苏稚瑶瞬间被卸了力气。
整个人不受控地瘫坐在地上,汹涌的绝望压了过来。
羊水穿刺……她怎么敢?
然而。
她的反应却像是一个明确的答案,让宴会厅所有人都亲眼目睹她的绝望和恐惧与抗拒。
明明白白的告诉了所有。
苏稚瑶从头到尾都在撒谎。
意图攀附盛徵州而不择手段的想要用母凭子贵上位,被揭穿还死不悔改诡辩到底。
周围人霎时间议论纷纷。
“原来一直以来都是这个女人在自导自演,盛总但凡要跟她有什么,还用得着她这么费心费力?”
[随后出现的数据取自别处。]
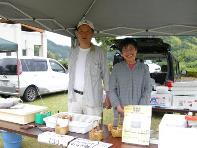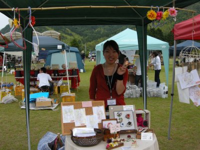 佐治町の絞り染め作家さんです。工房の名前は染空閑・遊房(あそぼう)です。お食事中すみませんでした。
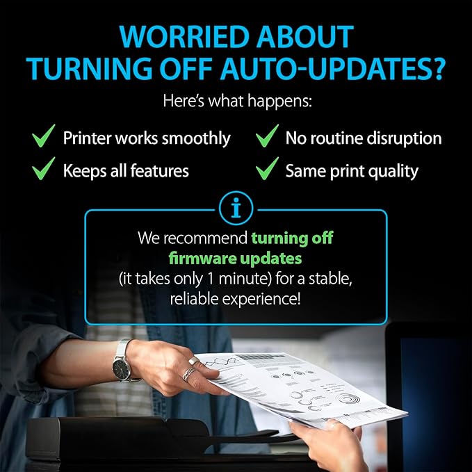 - Before Installation: Please turn off firmware updates on your printer control panel to ensure uninterrupted printing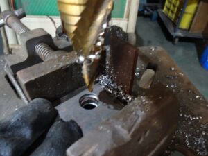 フラットバーに下穴あけてから、ステップドリルで穴を拡大します。右後ろなので少しオフセットした位置に穴あけました。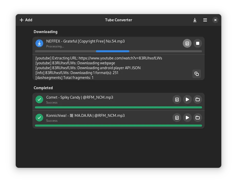 Tube Converter V2023.5.0 发布了!本周的发布功能是一个全新的后端,使 Tube Converter 更加稳定!除了新的后端,我们还添加了停止所有下载和重试所有失败下载的能力,以及清除所有排队下载的能力。此版本还引入了将下载的缩略图裁剪为正方形的功能(对于下载音乐很有用),以及选择视频下载的特定分辨率而不是最佳、良好、最差的质量。这是完整的变更日志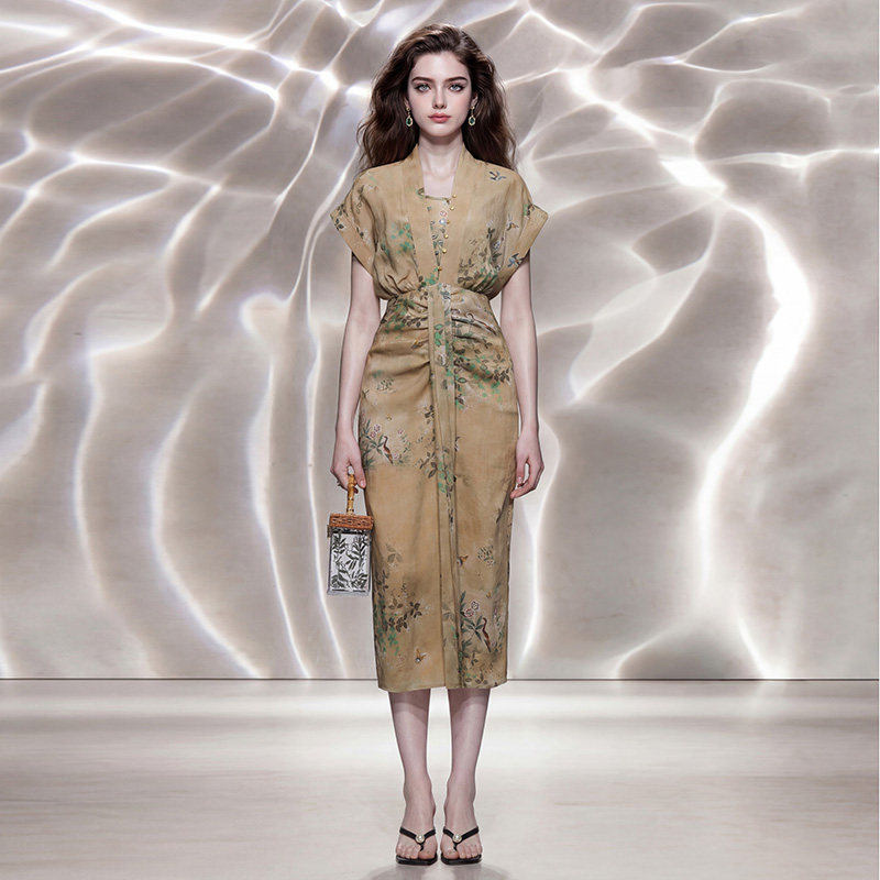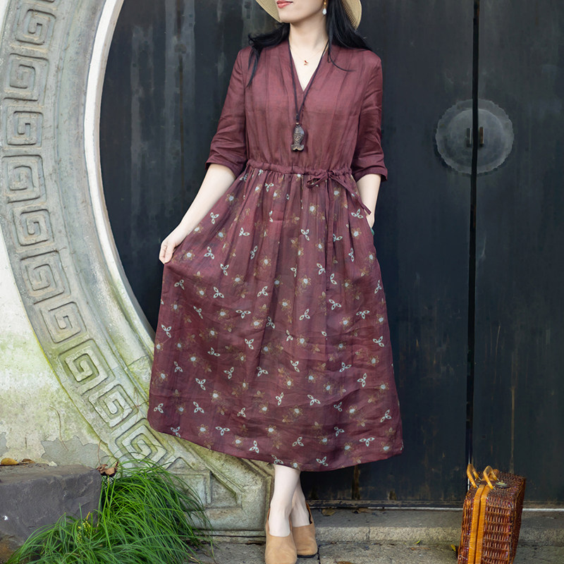 念江南V领收腰中长裙显瘦宽松印花复古女裙苎麻连衣裙女2026新款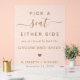 Chic Hochzeit nicht zugewiesene mattierte Acrylzeichen mit "Wählen Sie einen Sitzplatz, auf beiden Seiten, Sie werden von den Bräutigam und Braut geliebt" in schlichter Goldtypografie und ein elegantes goldenes Drehbuch mit Wimpern, ein Herz und Ihre Vornamen und Hochzeitstag.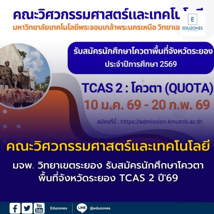 EZ Webmaster January 14, 2026 คณะวิศวกรรมศาสตร์และเทคโนโลยี มจพ. วิทยาเขตระยอง รับสมัครนักศึกษาโควตาพื้นที่จังหวัดระยอง TCAS 2 ปี’69 EZ Webmaster January 14, 2026 คณะวิศวกรรมศาสตร์และเทคโนโลยี มจพ. วิทยาเขตระยอง รับสมัครนักศึกษาโควตาพื้นที่จังหวัดระยอง TCAS 2 ปี’69 คณะวิศวกรรมศาสตร์และเทคโนโลยี มหาวิทยาลัยเทคโนโลยีพระจอมเกล้าพระนครเหนือ วิทยาเขตระยอง ประกาศรับสมัครนักศึกษาโควตาพื้นที่จังหวัดระยอง ประจำปีการศึกษา 2569 (TCAS 2) รายละเอียดดังนี้ 📢 เปิดรับสมัครทางอินเทอร์เน็ตตั้งแต่วันที่ 10 มกราคม 2569 ถึง วันที่ 20 กุมภาพันธ์ 2569 สามารถสมัครได้ที่ www.admission.kmutnb.ac.th/ ✅ประกาศรายชื่อผู้มีสิทธิ์สอบสัมภาษณ์วันที่ 27 กุมภาพันธ์ 2569… Continue Reading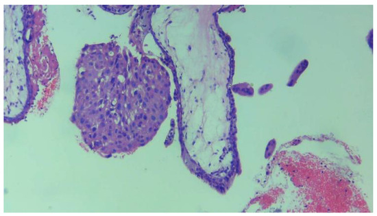 Trophoblastic tissues [16] refer to the cells that form part of the outer layer of the blastocyst in early embryonic development. These tissues play a crucial role in the formation of the placenta and are responsible for implantation in the uterine wall, nutrient exchange, and secretion of hormones necessary for maintaining pregnancy. Trophoblastic cells can differentiate into various cell types, primarily contributing to the development of the chorion and the placenta, essential for fetal–maternal interaction. Automated detection of trophoblastic tissues through AI and deep learning models offers several advantages in clinical diagnosis and research, especially in pregnancy-related conditions such as trophoblastic diseases, placental abnormalities, and implantation issues. Deep learning models can provide consistent and objective assessments of trophoblastic tissues, reducing human diagnostic errors. AI can quickly analyze large datasets, highlighting abnormal growth patterns that may indicate trophoblastic tumors or molar pregnancies. Trophoblastic cells are key to placental development. AI models can assist in identifying abnormalities in the trophoblast layer, such as insufficient trophoblastic invasion, which can lead to pregnancy complications like preeclampsia, placental insufficiency, or intrauterine growth restriction (IUGR). AI can quantify the invasion of extravillous trophoblasts into the maternal decidua and blood vessels, helping to assess whether proper placentation has occurred. Inadequate invasion can lead to poor placental perfusion and subsequent fetal growth problems. Figure 6 shows a sample of trophoblastic tissue from the dataset.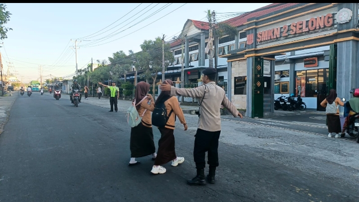 Tidak hanya melakukan pengaturan, personel juga memberikan imbauan kepada siswa-siswi serta para pengguna jalan untuk selalu mematuhi peraturan lalu lintas, terutama pentingnya penggunaan helm saat berkendara sepeda motor sebagai bentuk perlindungan diri di jalan raya.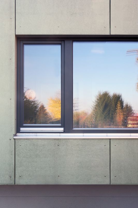 Skladba stěny (směrem zevnitř) sádrokartonové desky, instalační rošt + izolace, OSB desky, nosná konstrukce z fošen 40×140mm + izolace, vodorovný rošt + izolace, pojistná hydroizolace, provětrávaná mezera, fasádní obklad (desky Cembonit nebo modřínové palubky)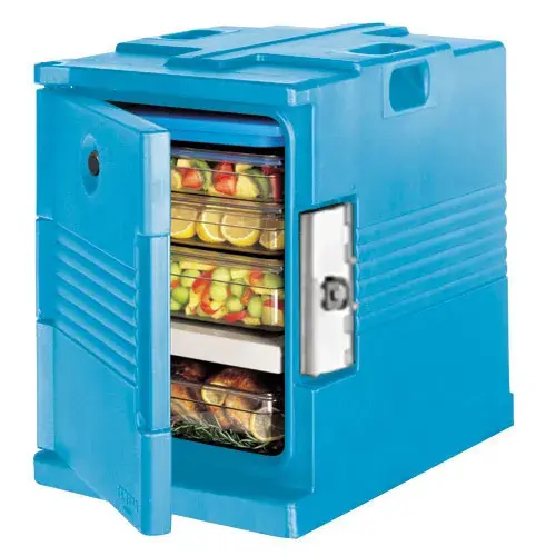 The Cambro Front Loading Food Pan Carrier w/ Security Hardware - Ultra Pan Carrier [UPC400TR-192] is a great container for holding and transporting food in food pans. The container is made with polyethylene plastic which increases its durability and heat-retention properties. The interior of the container has thick foam insulation which helps regulate heat loss incredibly well. The design of this container makes it easy to transport and easy to store.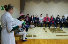 Потом выступила фельдшер Хусаенова Р.А. на тему «Профилактика инфекционных заболеваний в детских дошкольных учреждениях»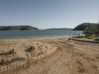 A stunning coastal landscape featuring a small sandy beach by the water. The sandy shore extends to the peaceful ocean, creating an inviting open space for relaxation and recreation. The day is clear with a clear sky and the natural surroundings of trees, highlands, and hills add to the beauty of the scene. The lake nearby reflects the vibrant vegetation, enhancing the tranquil ambiance of this serene beach. Enjoy the refreshing water resources and take in the scenic view of the bank and terrain. This stock photo perfectly captures the essence of a peaceful day at a sandy beach.
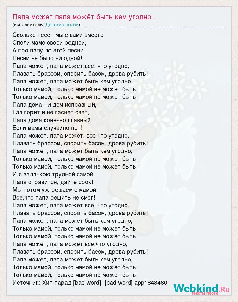 Сколько песен мы с вами вместе Спели маме своей родной, А про папу до этой песни Песни не было ни одной! Папа может, папа может,все, что угодно, Плавать брассом, спорить басом, дрова рубить! Папа может, папа может быть кем угодно, Только мамой, только мамой не может быть! Только мамой, только мамой не может быть! Папа дома - и дом исправный, Газ горит и не гаснет свет, Папа дома,конечно,главный Если мамы случайно нет! Папа может, папа может, все что угодно, Плавать брассом, спорить басом, дрова рубить! Папа может, папа может быть кем угодно, Только мамой, только мамой не может быть! Только мамой, только мамой не может быть! И с задачкою трудной самой Папа справится, дайте срок! Мы потом уж решаем с мамой Все,что папа решить не смог! Папа может, папа может все, что угодно, Плавать брассом, спорить басом, дрова рубить! Папа может, папа может быть кем угодно, Только мамой, только мамой не может быть! Только мамой, только мамой не может быть! Папа может, папа может все,что угодно, Плавать брассом, спорить басом, дрова рубить! Папа может, папа может быть кем угодно, Только мамой, только мамой не может быть! Только мамой, только мамой не может быть! Источник: Хит-парад [bad word] [bad word] app1848480

“年纪轻轻怎么会这么不知廉耻,也不看看自己配不配?”
“我就说,盛总他们怎么会丝毫不惧当众处理,是人家压根问心无愧,不然谁会把‘丑事’放在明面上呢。”
“不是高材生吗?这么下作!”
那些声音从四面八方传来。
字字珠玑地钉入苏稚瑶的身体,让她止不住的颤。
闻舒都复杂地看了看脸色铁青的苏稚瑶。
毕竟她可是被苏稚瑶亲口告知,今天是她即将被盛家接纳的日子,却是这么大的一个反转……
闻舒不由看向了始终坐在主位,面不改色喝茶的盛甫林。
老爷子从苏稚瑶来“要名分”开始,就一点情绪没有外露过。
看似给苏稚瑶机会说话,可实则……
是看着对方一点点退到悬崖边。
这或许,是鸿门宴。
轻飘飘的剥离了盛徵州与苏稚瑶对外的捆绑,让盛家成为那个被冒犯方,彻彻底底维护了盛家的颜面与名誉。
闻舒思绪转的飞快。
脊背却是冰凉的。
不等她缓过神。
苏稚瑶就再次向前冲,显然不死心地哭着:“我不知道为什么会有这样的误会,但我这么多年,心里只有你一个,徵州。”
她这楚楚可怜的做派。
倒像是污蔑了她,不乏有部分男性有些动容。
便听盛甫林终于开了口,“看来你父母没怎么教育好你,这种手段,你还要用几次?”
说话间。
他抬了抬花白胡茬的下巴,示意叫人把厅内最中央大屏幕打开。
苏稚瑶内心极度不安地看过去。
却在看到屏幕上的内容时候,目眦欲裂又神魂骤裂。
只见。
大屏幕上缓慢播放着调查而来的各种隐秘过往。
皆是她留学几年所发生的一切。
交友混乱、与不同“男友”私密合影、以及在校期间,为了抢夺专利而诬陷博导性骚扰她,导致教授被告、被开除、钉上耻辱柱,而她借此霸占了博导研究成果,成为自己履历最光鲜亮丽的一环。
用尽手段得来的一切,让她打开了更高医学圈的大门。
成为了她的垫脚石。
导致教授受污蔑自杀未遂终身瘫痪。
一边私生活又精彩纷呈。
大厅内宾客纷纷惊诧。
这样精彩的过往,就这么赤裸裸被公布出来。
直到最后……
那是一张国外不知名医院的照片。